The Harlands' group often performed with a recreational group called the Village Dancers, led by Tony Shay. He found her to be a "mesmerizing, spectacular performer" and urged her to join forces. In 1965, they co-founded the Aman International Folk Ensemble. Aman was the first local dance company to be presented at the Los Angeles Music Center. Los Angeles Times music and dance critic Martin Bernheimer called Aman "one of the finest ethnic companies anywhere. Repeat: anywhere."

In 1978, the Los Angeles Philharmonic Orchestra engaged Aman to dance to their performances of several compositions based on folk themes, and in 1979, the company made its debut in New York.

Inspired by her involvement with costume design for the company, Wood began painting Middle Eastern dancers and their milieu in the style of 19th century Orientalist painters.

In 1980, Wood received a grant from the National Endowment for the Arts to stage a Kwakiutl winter ceremonial for Aman. She commissioned three ceremonial masks from artist Duane Pasco, and designed the mise en scėne, including a dance screen hung upstage, and a fire that lighted the stage from the center rather than the wings. Martin David called the number "a visual masterpiece."
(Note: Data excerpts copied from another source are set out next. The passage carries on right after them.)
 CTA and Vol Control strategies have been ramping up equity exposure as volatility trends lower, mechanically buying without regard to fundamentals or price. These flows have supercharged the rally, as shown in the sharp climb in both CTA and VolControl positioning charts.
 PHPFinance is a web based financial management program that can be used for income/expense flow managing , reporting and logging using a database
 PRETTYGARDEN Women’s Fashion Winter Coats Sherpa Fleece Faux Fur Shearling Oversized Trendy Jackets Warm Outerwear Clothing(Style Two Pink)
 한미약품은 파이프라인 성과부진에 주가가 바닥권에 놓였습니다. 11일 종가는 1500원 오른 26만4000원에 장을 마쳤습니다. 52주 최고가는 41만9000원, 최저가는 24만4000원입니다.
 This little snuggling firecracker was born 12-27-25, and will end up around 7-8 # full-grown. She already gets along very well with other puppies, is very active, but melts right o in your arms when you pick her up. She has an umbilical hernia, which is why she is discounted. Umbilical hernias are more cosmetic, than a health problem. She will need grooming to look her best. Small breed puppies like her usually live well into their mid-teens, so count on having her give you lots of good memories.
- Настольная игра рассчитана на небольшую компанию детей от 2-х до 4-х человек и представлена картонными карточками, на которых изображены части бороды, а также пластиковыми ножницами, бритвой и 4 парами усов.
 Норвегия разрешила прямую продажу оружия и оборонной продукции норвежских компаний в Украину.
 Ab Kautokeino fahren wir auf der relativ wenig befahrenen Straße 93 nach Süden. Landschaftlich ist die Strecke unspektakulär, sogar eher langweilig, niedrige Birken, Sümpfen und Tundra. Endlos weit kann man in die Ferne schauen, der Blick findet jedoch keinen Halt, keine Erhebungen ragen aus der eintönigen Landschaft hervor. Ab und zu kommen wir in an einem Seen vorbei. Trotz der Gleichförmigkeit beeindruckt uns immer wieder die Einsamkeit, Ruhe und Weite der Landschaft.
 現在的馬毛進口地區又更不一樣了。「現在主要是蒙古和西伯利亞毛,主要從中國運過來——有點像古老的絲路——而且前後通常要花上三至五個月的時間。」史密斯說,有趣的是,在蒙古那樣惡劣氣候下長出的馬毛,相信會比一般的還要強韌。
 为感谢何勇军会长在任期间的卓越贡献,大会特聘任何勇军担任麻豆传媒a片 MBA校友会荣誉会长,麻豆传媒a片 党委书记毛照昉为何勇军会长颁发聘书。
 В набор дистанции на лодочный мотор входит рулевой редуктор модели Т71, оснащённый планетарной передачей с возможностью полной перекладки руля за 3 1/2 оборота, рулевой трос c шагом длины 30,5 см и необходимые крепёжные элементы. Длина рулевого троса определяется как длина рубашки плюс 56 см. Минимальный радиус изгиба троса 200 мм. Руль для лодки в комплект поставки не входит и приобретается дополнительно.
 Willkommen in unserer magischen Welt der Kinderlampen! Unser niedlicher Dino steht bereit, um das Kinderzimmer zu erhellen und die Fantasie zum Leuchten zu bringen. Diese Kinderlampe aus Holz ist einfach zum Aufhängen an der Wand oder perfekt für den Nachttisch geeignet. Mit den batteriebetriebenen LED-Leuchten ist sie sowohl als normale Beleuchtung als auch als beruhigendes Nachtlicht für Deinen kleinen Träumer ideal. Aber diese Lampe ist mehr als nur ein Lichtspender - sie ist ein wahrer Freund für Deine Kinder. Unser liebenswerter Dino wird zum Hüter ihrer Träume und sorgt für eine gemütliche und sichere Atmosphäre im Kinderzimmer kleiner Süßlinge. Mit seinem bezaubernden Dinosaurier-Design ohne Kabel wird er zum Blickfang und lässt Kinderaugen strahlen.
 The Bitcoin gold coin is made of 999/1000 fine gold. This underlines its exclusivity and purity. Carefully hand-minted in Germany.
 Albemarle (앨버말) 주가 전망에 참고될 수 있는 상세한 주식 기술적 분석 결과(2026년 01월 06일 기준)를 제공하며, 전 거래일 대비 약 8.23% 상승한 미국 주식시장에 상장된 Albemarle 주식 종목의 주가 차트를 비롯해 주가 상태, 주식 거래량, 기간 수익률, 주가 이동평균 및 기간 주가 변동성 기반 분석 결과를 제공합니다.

Wood taught courses on Middle Eastern dance in a cultural context at UCLA extension, and continued to participate in UCLA's Department of Ethnomusicology for many years. She wrote numerous articles on Middle Eastern and other forms of dance. These articles appeared in scholarly publications, magazines and on record and CD covers.

Wood's paintings were exhibited in the Lane Galleries in Westwood, California for over a quarter of a century. Although she stopped showing shortly after her husband’s death in 1980, she continued to paint even more prolifically. During this time, she produced paintings on a wide range of themes, including Venetian maskers and mythological scenes.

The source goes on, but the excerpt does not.